There may be other places that it's useful to add instrumentation (e.g. adding vtable-downcast counts to enable -pgo-icall-prom passes - which turn dynamic dispatch into static dispatch in fast paths).

:+1:

Enhance the profile-rt library

With the above work complete, the generated binaries will count (in-memory) each time an instrumented code path is hit. To extract this information, the profile-rt library should walk the various __llvm_pfr_X sections of the binary/memory and dump the values out to a file (Clang dumps to default.profraw). The format of this file is (as far as I can see) "documented" in LLVM/Clang's codebase. On the other hand, the current implementation of Rustc's profile-rt library is taken wholesale from LLVM and thus already supports this function.

:+1:

Enable profile-guided optimization

With a default.profraw, one can create a profdata file (using llvm-profdata merge). This file can be passed to the pgo-instr-use (and other) passes to enable optimisations based on gathered profile information. Again, this is supported in nightly Rustc today (through -Zpgo-use).

:+1:

Create a coverage map

LLVM's coverage tooling can use a "Coverage Map" to map between instrumentation counters and blocks of code. The format of the map is well documented at http://llvm.org/docs/CoverageMappingFormat.html and there's code in LLVM (http://llvm.org/doxygen/classllvm_1_1coverage_1_1CoverageMappingWriter.html) for creating the magic format. Note that this may require Rustc manually inserting instrumentation (rather than using -pgo-instr-gen) since it needs to know which counter corresponds to which code block. The code in clang (https://github.com/llvm-mirror/clang/blob/master/lib/CodeGen/CodeGenPGO.cpp) that does this is probably a good place to start.

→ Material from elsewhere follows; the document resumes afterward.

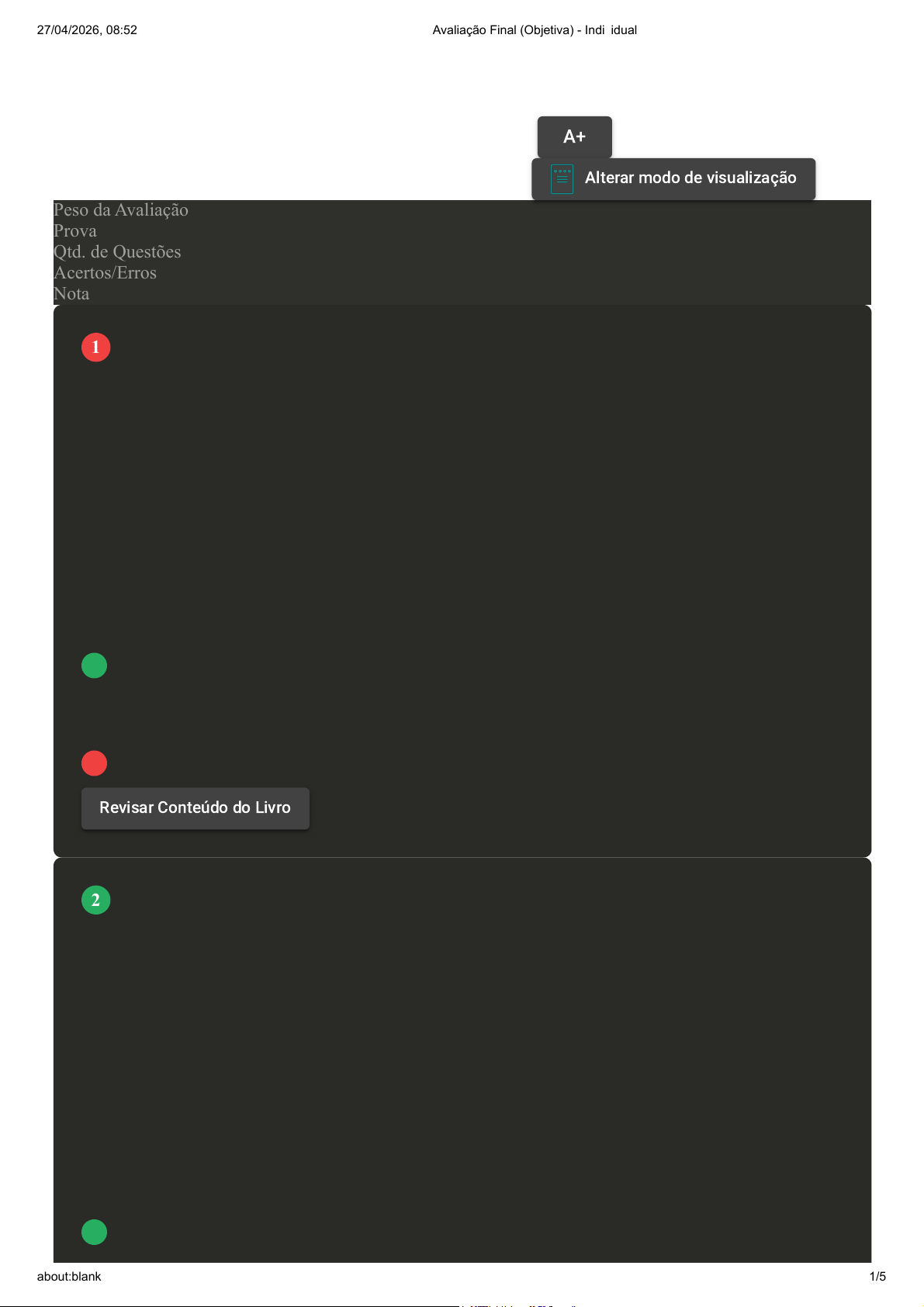 Prova Impressa GABARITO | Avaliação Final (Objetiva) - Individual (Cod.:1023171) Peso da Avaliação 4,00 Prova 95574378 Qtd. de Questões 10 Acertos/Erros 6/4 Nota 6,00 Dentro das indústrias, muitas vezes é necessário mover objetos de um ponto para outro. Para isso, utiliza-se sistemas de transportadores, que podem ser de vários tipos, como de correia, por rolos, por corrente e esteira ou por vibração, entre outros. De acordo com o exposto, classifique em V para as sentenças verdadeiras e F para as falsas: ( ) Transportadores por correia são geralmente acionados por motores na extremidade oposta à tração. ( ) Transportadores por rolos podem ser acionados individualmente. ( ) Transportadores por corrente e esteira são acionadas por uma roda dentada com motor CC. ( ) Transportadores por vibração são acionados por um motor com eixo excêntrico. Assinale a alternativa que apresenta a sequência CORRETA: A V - V - F - F. B F - V - F - V. C V - F - V - F. D F - F - V - V. Os sistemas de controle industrial podem ser de vários tipos, como, exemplos comuns, o controle de supervisão e aquisição de dados (SCADA), os sistemas de controle distribuído (DCS) e controladores lógicos programáveis (PLC). Com base nesses sistemas de controle, associe os itens, utilizando o código a seguir: I- SCADA. II- DCS. III- PLC. ( ) São utilizados para controlar processos industriais. ( ) São utilizados para o controle de dispositivos distribuídos às grandes distâncias e grandes dispersões. ( ) São utilizados para sistemas de controle menores. Assinale a alternativa que apresenta a sequência CORRETA: A II - I - III. VOLTAR A+Aumentar, Fonte Alterar modo de visualização 1 Revisar Conteúdo do Livro 2 27/04/2026, 08:52 Avaliação Final (Objetiva) - Individual about:blank 1/5 B I - III - II. C I - II - III. D III - I - II. A primeira revolução industrial foi um dos movimentos mais notáveis, representando um grande avanço nas capacidades de produção da indústria e sendo seguida de várias outras revoluções industriais até os dias de hoje. Sobre a primeira revolução industrial e a tecnologia que a impulsionou, assinale a alternativa CORRETA: A Máquina a Vapor. B Eletricidade. C Avanços em computadores. D Inteligência de máquinas e processos. O gerenciamento da produção é um processo que afeta todo o processo produtivo e, para ser exercido, define o que compõe a qualidade de um produto. Sobre o que define a qualidade do produto, assinale a alternativa CORRETA: A É definido pela diretoria da empresa. B É definido pelas necessidades dos clientes. C É definido pelo lucro obtido. D É definido pela presença de mercado obtida. Os sistemas de controle incorporado possuem um software utilizado para dirigir o programa e realizar o controle desejado pela empresa. De acordo com esse software, classifique V para as sentenças verdadeiras e F para as falsas: ( ) O software consiste em um firmware e alguns programas adicionais. ( ) Pode ser executado muitas vezes sem teclado e tela. ( ) Ele é maior e mais complexo do que o software de computador. ( ) Possui altos requerimentos de Hardware. Assinale a alternativa que apresenta a sequência CORRETA: A V - V - F - F. B V - F - V - F. C F - F - V - V. 3 4 5 27/04/2026, 08:52 Avaliação Final (Objetiva) - Individual about:blank 2/5 D F - V - F - V. O controle PID (Proporcional, integrado e derivado) é um método de controle muito utilizado na indústria para controlar processos simples. Com base nesse controlador, analise as sentenças a seguir: I- Não funciona bem com processos acoplados. II- Requer reajustes quando altera a dinâmica do processo. III- Pode ser utilizado como núcleo de um sistema inteligente. Assinale a alternativa CORRETA: A As sentenças I e III estão corretas. B Somente a sentença III está correta. C Somente a sentença II está correta. D As sentenças I e II estão corretas. O Taylorismo, Fordismo e Toyotismo são três conceitos de produção desenvolvidos no século XX que trouxeram ideias para a indústria que permitiram otimizar a produção. Sobre essas ideias, associe os itens, utilizando o código a seguir: I- Taylorismo. II- Fordismo. III- Toyotismo. ( ) Adota uma organização de linhas de produção, permitindo maiores volumes de produção e menores custos unitários. ( ) Aplica a filosofia Just-in-time, reduzindo estoques-tampão. ( ) Busca a melhor organização da produção, aumentando a eficiência dos processos na fábrica. Assinale a alternativa que apresenta a sequência CORRETA: A I - II - III. B II - III - I. C I - III - II. D III - I - II. No processo de projeto é muito importante projetar para o ciclo de vida do produto, existindo vários modelos que descrevem esse ciclo. O guia GMP apresenta um modelo de mais de dez etapas para o ciclo de vida do projeto. De acordo com o guia GMP, classifique V para as sentenças 6 Revisar Conteúdo do Livro 7 8 27/04/2026, 08:52 Avaliação Final (Objetiva) - Individual about:blank 3/5 verdadeiras e F para as falsas: ( ) O plano de validação define o escopo do projeto. ( ) A especificação de requisitos do usuário é geralmente criado pelo operador. ( ) O objetivo do Teste de aceitação de fábrica é que o sistema já esteja aprovado para que o cliente o aceite antes da entrega. ( ) A qualificação de desempenho resume o resultado dos testes feitos. Assinale a alternativa que apresenta a sequência CORRETA: A V - F - F - V. B F - F - V - V. C F - V - V - F. D V - V - F - F. A automação permite que tarefas sejam feitas em fábrica que normalmente seriam realizadas por humanos, assim como a tomada de decisões, sejam feitas automaticamente por computador. Esse processo possui vantagens e desvantagens. De acordo com as desvantagens, classifique V para as sentenças verdadeiras e F para as falsas: ( ) Diminui a produtividade. ( ) Causa desemprego. ( ) Alto custo de obsolescência. ( ) Aumenta o custo de trabalho. Assinale a alternativa

Note that the LLVM coverage map format supports various useful features, not well handled in GCOV-style coverage:

Column as well as line-number analysis (useful for inline expressions)
Macro-expansion analysis (coverage can "see through" macros)

❌

Integrate coverage tooling into Cargo

Creating a cargo coverage (or, possibly better, just creating coverage from cargo test) by adding profiling to the test cargo-profile and running the resulting profile data through llvm's tooling would be really cool. Especially if the output format is compatible with tools like Coveralls.io and can produce useful graphical outputs for analysis afterwards.

Likely requires stabilising -Zpgo-gen or at least exposing enough of it that cargo can create a profiled build.

:x:

Unanswered Questions

There are some bits of Rust code for which coverage is non-obvious:

Do landing pads report coverage? If they do then we run into the same issue as https://github.com/rust-lang/rust/issues/55352
- Maybe we add instrumentation for them (to determine how often they're hit) but don't add those counters to the coverage map?
How do we handle non-instantiated generics? If a generic is never instantiated then no code is created for it so there's no counters for it.
- Presumably we need to ensure that the coverage map includes the counters that "would be there if there was an instantiation" then coverage will spot that the generic is not covered.
- This applies to "default implementations" in traits and likely is impacted by specialisation too.
Similarly, should separate instantiations of the same generic be covered separately? If I test Foo<i32> in my UTs but use Foo<String> in my real code, have I really tested my code (in this case, String needs drop so maybe there's a subtlety there)?
- Create coverage map entries for all instantiations (as well as the "generic" counter entry from the previous bullet)? I don't think llvm-cov knows how to handle this in the coverage map at the moment, but it might make sense for it to do so to support this for C++ templates too?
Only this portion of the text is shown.